- **Task prompt**: For this exercise, reproduce the records exactly as they stand and do not carry any images over.

--- Provided material Enclosed Below ---

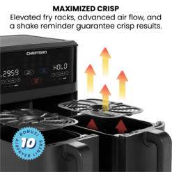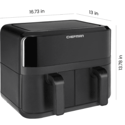 Chefman just made family mealtime faster, tastier, and easier than ever. No matter the crowd, the Turbo Fry Touch Dual Air Fryer has you completely covered. Two spacious 4.5 quart non-stick baskets, allows you to cook double the dishes–with double the flavor. With synced baskets and a handy finish-time feature, every single main dish and side will be cooked to crispy perfection. With effortless one-touch digital control and eight built-in cooking functions, you can cook your favorite foods to the perfect fried finish, every time. No matter if you’re in the mood for crispy chicken, a medium-rare ribeye, or golden fries, this appliance helps you cook with complete confidence. The adjustable temperature of 200°F to 400°F and the ability to add or subtract time allow you to tailor your air frying. Worried about overcooking? An LED reminder tells you exactly when it’s time to give your food a shake to ensure even cooking, every time. The air fryer also features auto-shutoff to avoid overheating and to keep you and your family 100% protected. The matte black exterior wipes down simply with a damp cloth, and the accessories can be tossed right in the dishwasher. 1500 watts/120 volts – RJ38-SQPF-45TDB
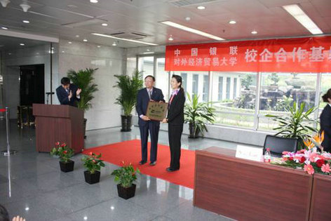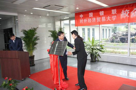 之后,柴总和陈书记为人才培养基地揭牌;柴总把中国银联首个高校合作基地牌匾授予对外经贸大学。
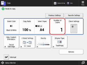 Copying Immediately (Interrupt)* When making a large number of copies, you can make a copy sample to check the finished result, or you can copy the original one page at a time to check the appearance before copying all of the pages together.
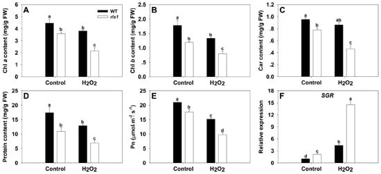 Chlorophyll loss and protein degradation are widely taken as markers of leaf senescence [,]. A comparison between the leaves of rls1 and WT plants grown under non-stressed conditions showed that the content of both the major photosynthetic pigments and total protein in the former was uniformly lower than that in the latter (Figure 6A–D). In plants exposed to H2O2 treatment, both the leaf chlorophyll and protein content was reduced not just in rls1 plants, but also in WT ones, but the extent of the decline was greater in the mutant. Measurement of the net photosynthetic rate (Pn) of leaves developed by non-stressed plants also revealed a significant difference between mutant and WT plants; in stressed plants, the difference in Pn between the mutant and the WT was magnified (Figure 6E). Quantification of the transcript abundance of SGR (senescence-induced STAY GREEN), the product of which regulates chlorophyll degradation [], showed that it was higher in rls1 leaves than in WT leaves developed under non-stressed conditions; the difference was even larger in stressed leaves (Figure 6F).
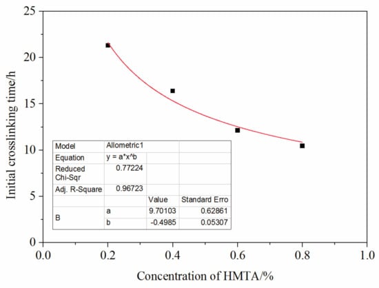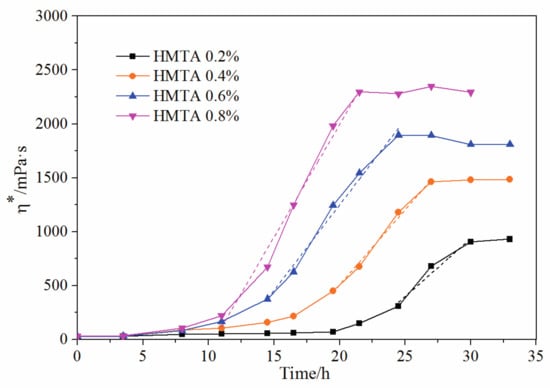 The phenolic resin is generated in the polycondensation reaction by resorcinol and HMTA, and a tight crosslinking network structure is formed by bridging the polymer chain. At the same time, the introduction of benzene rings could increase the salt tolerance and shear resistance of this plugging system. Simulated formation water was used to prepare the polymer solution. The polymer mass fraction was kept at 0.3%, resorcinol at 0.6%, pH = 5.5, temperature of 50 °C. The effect of HMTA concentration on crosslinking reaction process and the initial crosslinking time are shown in Figure 9 and Figure 10.

--- End of Enclosed Provided material ---

- **Response for this exercise**:
 Chefman just made family mealtime faster, tastier, and easier than ever. No matter the crowd, the Turbo Fry Touch Dual Air Fryer has you completely covered. Two spacious 4.5 quart non-stick baskets, allows you to cook double the dishes–with double the flavor. With synced baskets and a handy finish-time feature, every single main dish and side will be cooked to crispy perfection. With effortless one-touch digital control and eight built-in cooking functions, you can cook your favorite foods to the perfect fried finish, every time. No matter if you’re in the mood for crispy chicken, a medium-rare ribeye, or golden fries, this appliance helps you cook with complete confidence. The adjustable temperature of 200°F to 400°F and the ability to add or subtract time allow you to tailor your air frying. Worried about overcooking? An LED reminder tells you exactly when it’s time to give your food a shake to ensure even cooking, every time. The air fryer also features auto-shutoff to avoid overheating and to keep you and your family 100% protected. The matte black exterior wipes down simply with a damp cloth, and the accessories can be tossed right in the dishwasher. 1500 watts/120 volts – RJ38-SQPF-45TDB
 之后,柴总和陈书记为人才培养基地揭牌;柴总把中国银联首个高校合作基地牌匾授予对外经贸大学。
 Copying Immediately (Interrupt)* When making a large number of copies, you can make a copy sample to check the finished result, or you can copy the original one page at a time to check the appearance before copying all of the pages together.
 Chlorophyll loss and protein degradation are widely taken as markers of leaf senescence [,]. A comparison between the leaves of rls1 and WT plants grown under non-stressed conditions showed that the content of both the major photosynthetic pigments and total protein in the former was uniformly lower than that in the latter (Figure 6A–D). In plants exposed to H2O2 treatment, both the leaf chlorophyll and protein content was reduced not just in rls1 plants, but also in WT ones, but the extent of the decline was greater in the mutant. Measurement of the net photosynthetic rate (Pn) of leaves developed by non-stressed plants also revealed a significant difference between mutant and WT plants; in stressed plants, the difference in Pn between the mutant and the WT was magnified (Figure 6E). Quantification of the transcript abundance of SGR (senescence-induced STAY GREEN), the product of which regulates chlorophyll degradation [], showed that it was higher in rls1 leaves than in WT leaves developed under non-stressed conditions; the difference was even larger in stressed leaves (Figure 6F).
 The phenolic resin is generated in the polycondensation reaction by resorcinol and HMTA, and a tight crosslinking network structure is formed by bridging the polymer chain. At the same time, the introduction of benzene rings could increase the salt tolerance and shear resistance of this plugging system. Simulated formation water was used to prepare the polymer solution. The polymer mass fraction was kept at 0.3%, resorcinol at 0.6%, pH = 5.5, temperature of 50 °C. The effect of HMTA concentration on crosslinking reaction process and the initial crosslinking time are shown in Figure 9 and Figure 10.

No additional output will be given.